Vervolgens bepaal je de relatieve waarde van elk van de uitgangspunten. Zijn het ‘wanna haves’, ‘must haves’ of alleen ‘nice to haves’ en elke waardering daar tussenin. Het is ook prettig om te weten waar de uitgangspunten vandaan komen, waar ze op gebaseerd zijn, of ze juist zijn en hoe ze met elkaar samenhangen. Dat geeft inzicht in het relatieve belang van de uitgangspunten en ook de tijdelijkheid van een uitgangspunt. Wat op dit moment essentieel is, kan op een later moment irrelevant zijn geworden.
Nadat er een globaal beeld is ontstaan van het netwerk van uitgangspunten en de belangen, kan een eerste stap worden gezet naar de ontwikkeling van een organisatiemodel. Dat is in eerste instantie een ideaalplaatje, waarin de realiteit vooralsnog een ondergeschikte rol heeft, maar die wel voldoet aan alle randvoorwaarden.
Probeer hier ook vanuit ketens te denken. Elke stap heeft immers invloed op de voorgaande en volgende stappen. Ter illustratie: Het bouwen van ecoducten zorgt voor vrije migratie van dieren, dat is goed voor de ontwikkeling van diersoorten en voor de bouwbedrijven. Een mogelijk neveneffect is echter dat er dieren komen die minder goed lijken te passen in het Nederlandse natuurstelsel, dat is minder goed voor de schapenhouders, maar wel weer goed voor natuurbeleidsmakers…

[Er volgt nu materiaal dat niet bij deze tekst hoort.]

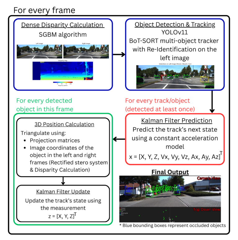 Stereo Vision & 3D Triangulation – Using rectified stereo image pairs, dense SGBM disparity, and known camera projection matrices, the system computes accurate 3D coordinates for each detected object. A constant-acceleration Kalman filter smooths trajectories and predicts object motion during short occlusions.
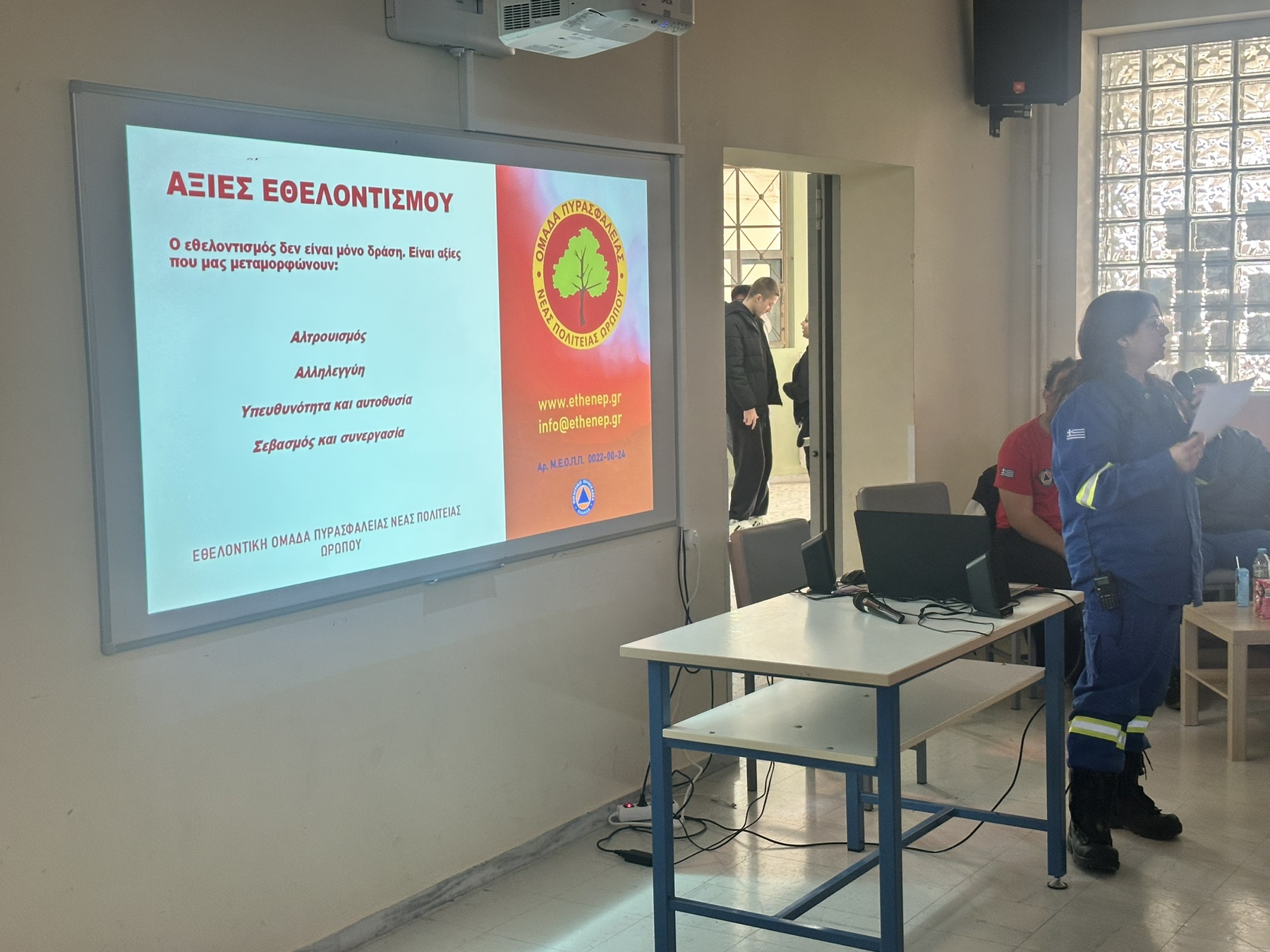 Με αφορμή την Παγκόσμια Ημέρα Εθελοντισμού (5 Δεκεμβρίου), η Εθελοντική Ομάδα Πυρασφάλειας Νέας Πολιτείας προσκλήθηκε από την κυρία Εμμανουηλίδου Σοφία να πραγματοποιήσει μία εικοσάλεπτη ενημερωτική ομιλία στο Γενικό Λύκειο Σκάλας Ωρωπού «Μίκης Θεοδωράκης», με στόχο την ενημέρωση και την ευαισθητοποίηση των μαθητών γύρω από την έννοια και τη σημασία του εθελοντισμού.
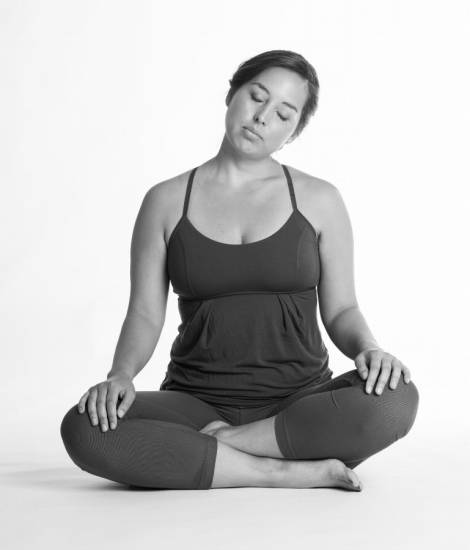 - Сидя в Сукхасане, расслабляем плечевые мышцы.

De laatste stap in de ontwikkeling betreft de inpassing van het model in de realiteit. Dat is het moment waarop sommige randvoorwaarden noodgedwongen minder belang krijgen in het eindresultaat. Uiteindelijk ontstaat er dan een organisatiemodel dat voldoet aan de belangrijkste randvoorwaarden en wellicht een paar mindere randvoorwaarden probleemloos mee heeft genomen, als een ‘kers op de taart’.
Natuurlijk zijn er eindeloos veel voorbeelden en variaties te geven, maar het belang van een goede organisatieverandering is niet (alleen) het hebben van een goed idee. Een scherpe lijst van gezamenlijke randvoorwaarden in combinatie met een groot voorstellingsvermogen, is wellicht nog belangrijker voor een haalbaar én blijvend resultaat.